[Items listed in a dataset]

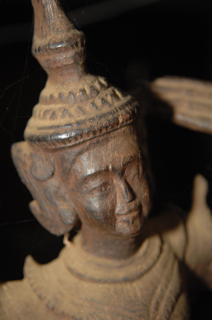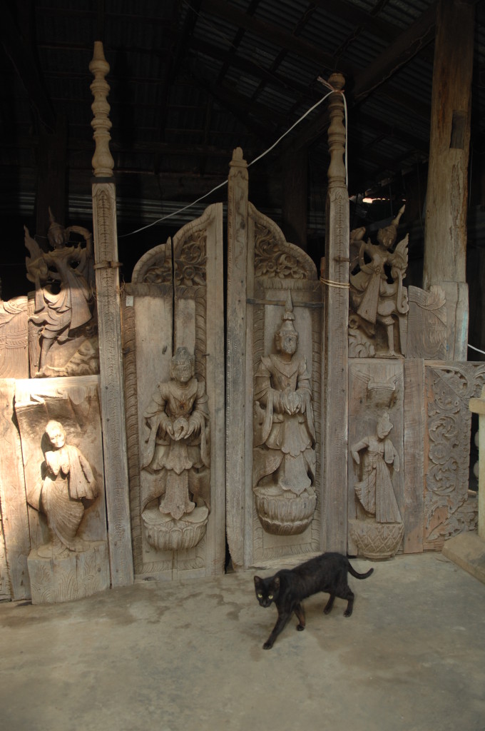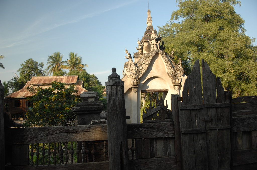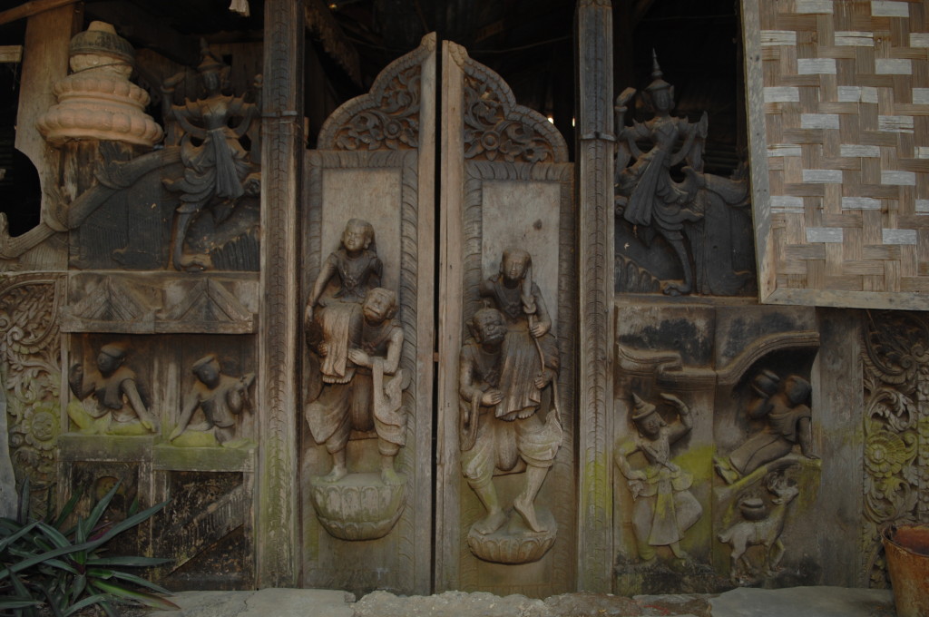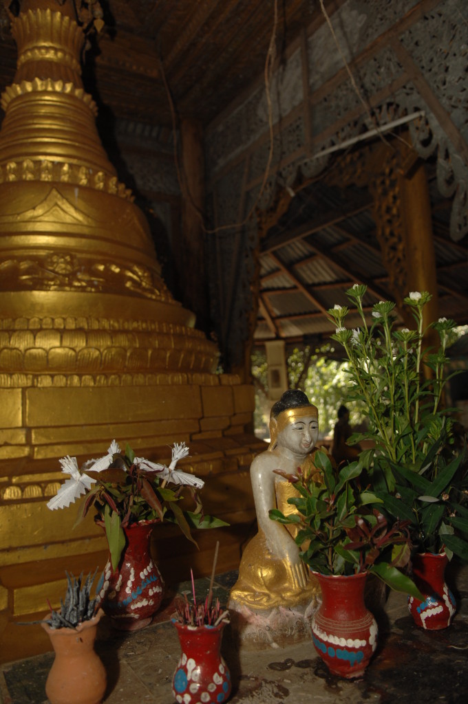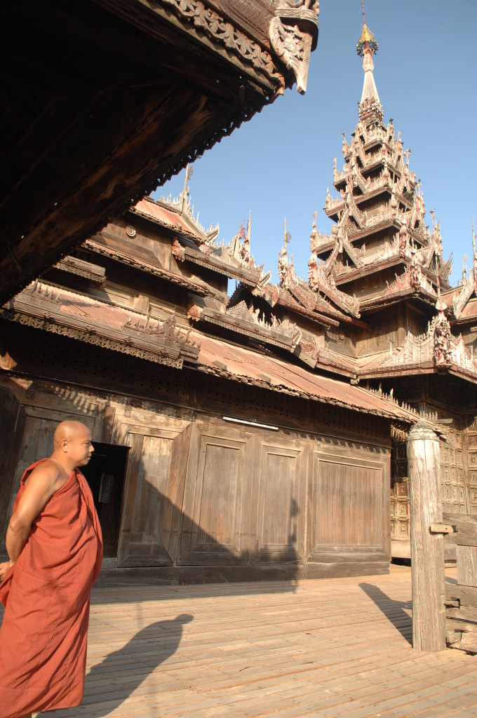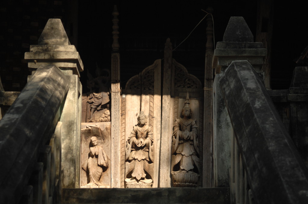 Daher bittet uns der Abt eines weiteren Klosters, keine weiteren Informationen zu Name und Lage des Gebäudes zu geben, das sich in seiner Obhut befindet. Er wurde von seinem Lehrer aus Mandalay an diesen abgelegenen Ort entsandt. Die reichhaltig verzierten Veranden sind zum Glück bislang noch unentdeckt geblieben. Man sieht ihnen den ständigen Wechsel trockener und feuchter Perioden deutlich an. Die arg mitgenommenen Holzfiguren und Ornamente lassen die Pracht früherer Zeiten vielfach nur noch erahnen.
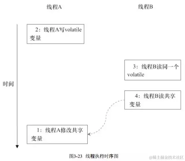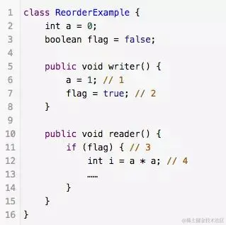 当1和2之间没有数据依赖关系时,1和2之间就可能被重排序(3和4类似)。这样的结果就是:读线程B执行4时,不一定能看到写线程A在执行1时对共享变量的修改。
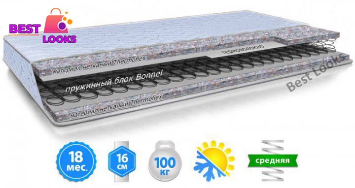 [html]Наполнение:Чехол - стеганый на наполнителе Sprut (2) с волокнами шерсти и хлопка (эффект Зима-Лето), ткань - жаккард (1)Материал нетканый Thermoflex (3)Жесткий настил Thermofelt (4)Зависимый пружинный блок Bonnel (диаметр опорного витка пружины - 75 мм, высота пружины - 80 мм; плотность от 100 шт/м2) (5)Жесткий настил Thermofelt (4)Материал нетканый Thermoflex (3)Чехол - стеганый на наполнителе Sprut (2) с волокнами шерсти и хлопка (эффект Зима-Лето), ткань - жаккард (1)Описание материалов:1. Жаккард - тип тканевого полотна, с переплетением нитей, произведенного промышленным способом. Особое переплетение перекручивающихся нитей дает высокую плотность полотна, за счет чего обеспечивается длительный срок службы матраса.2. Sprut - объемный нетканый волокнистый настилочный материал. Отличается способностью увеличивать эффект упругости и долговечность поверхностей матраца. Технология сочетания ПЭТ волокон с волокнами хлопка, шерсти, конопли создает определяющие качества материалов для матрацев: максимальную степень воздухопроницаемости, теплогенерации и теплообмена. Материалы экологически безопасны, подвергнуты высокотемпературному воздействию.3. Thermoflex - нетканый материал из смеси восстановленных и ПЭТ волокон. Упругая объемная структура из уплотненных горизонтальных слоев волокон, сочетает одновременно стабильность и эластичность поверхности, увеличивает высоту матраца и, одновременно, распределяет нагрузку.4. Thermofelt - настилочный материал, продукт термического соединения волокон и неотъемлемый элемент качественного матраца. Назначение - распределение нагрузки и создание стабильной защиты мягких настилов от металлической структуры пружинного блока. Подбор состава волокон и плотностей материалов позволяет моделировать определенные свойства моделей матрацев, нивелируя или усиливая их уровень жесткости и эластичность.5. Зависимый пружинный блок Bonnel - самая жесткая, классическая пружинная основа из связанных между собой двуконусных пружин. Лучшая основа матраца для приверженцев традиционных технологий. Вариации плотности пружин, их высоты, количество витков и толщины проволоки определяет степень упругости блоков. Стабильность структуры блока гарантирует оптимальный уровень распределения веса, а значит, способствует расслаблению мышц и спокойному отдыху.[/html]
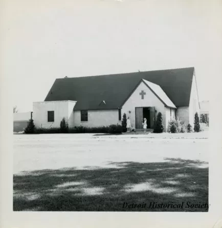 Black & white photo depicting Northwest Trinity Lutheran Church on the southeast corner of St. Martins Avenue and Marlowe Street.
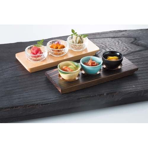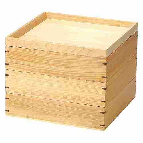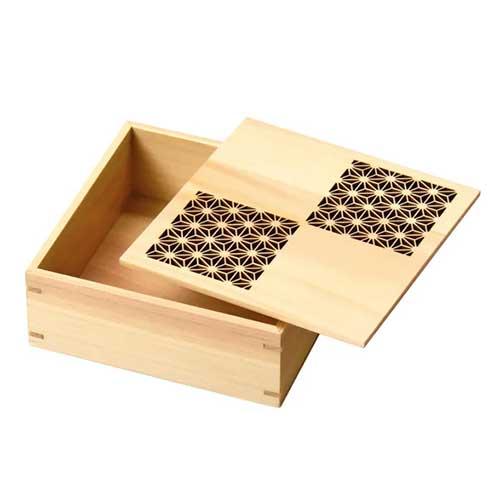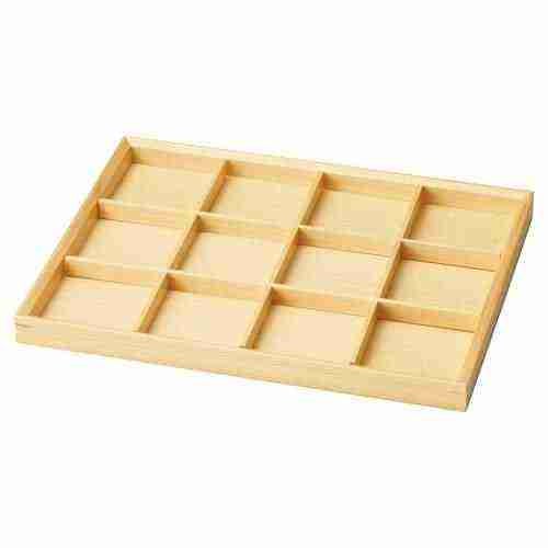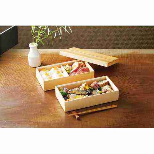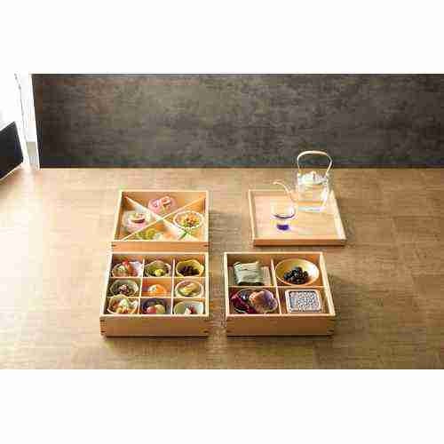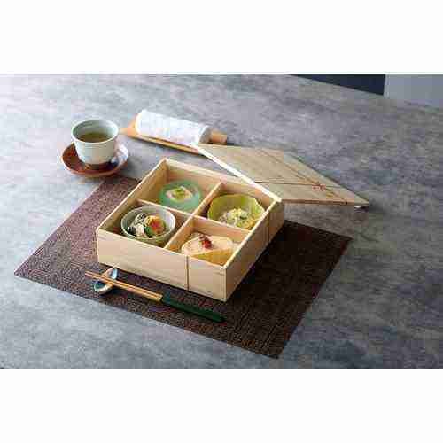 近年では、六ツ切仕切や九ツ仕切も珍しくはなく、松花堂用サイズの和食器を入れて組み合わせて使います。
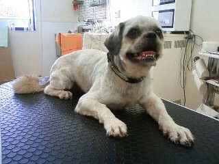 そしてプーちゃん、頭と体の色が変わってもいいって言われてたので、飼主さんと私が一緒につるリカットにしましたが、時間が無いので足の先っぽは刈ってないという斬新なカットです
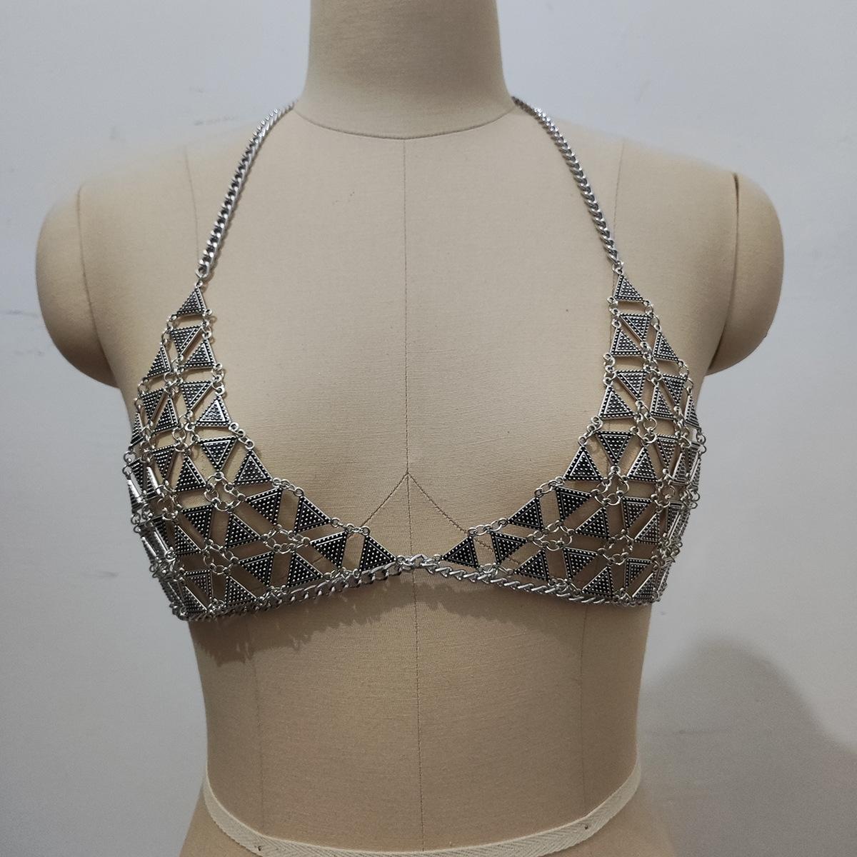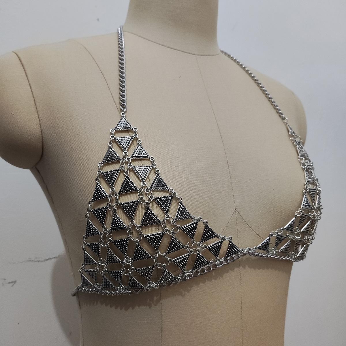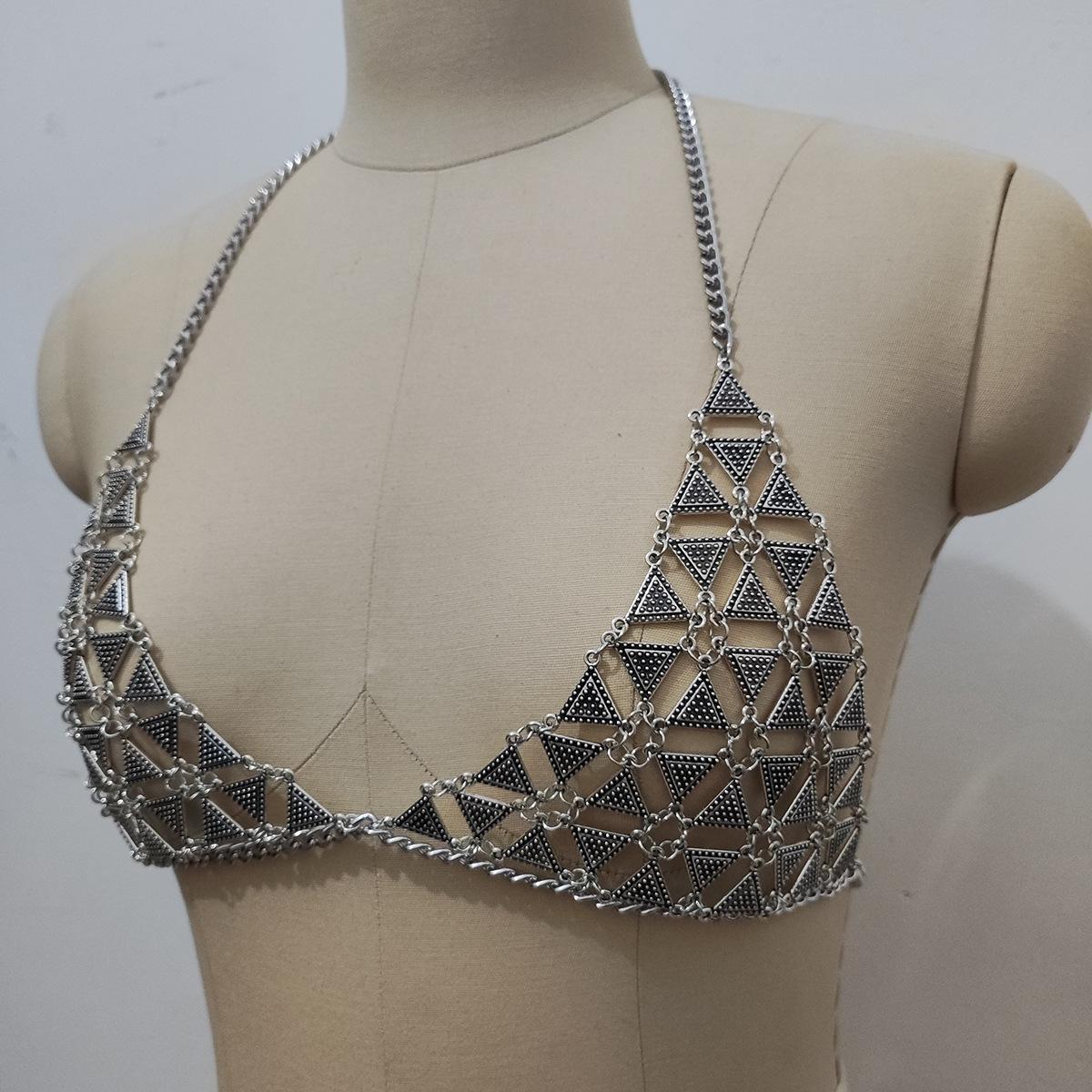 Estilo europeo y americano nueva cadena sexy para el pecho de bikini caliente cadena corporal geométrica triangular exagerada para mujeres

Task goal: Leave every picture out and return exactly the lines from the one holding "そしてプーちゃん、頭と体の色" through the end of the records above, both ends included, and nothing more.

Output for this exercise:
 そしてプーちゃん、頭と体の色が変わってもいいって言われてたので、飼主さんと私が一緒につるリカットにしましたが、時間が無いので足の先っぽは刈ってないという斬新なカットです
 Estilo europeo y americano nueva cadena sexy para el pecho de bikini caliente cadena corporal geométrica triangular exagerada para mujeres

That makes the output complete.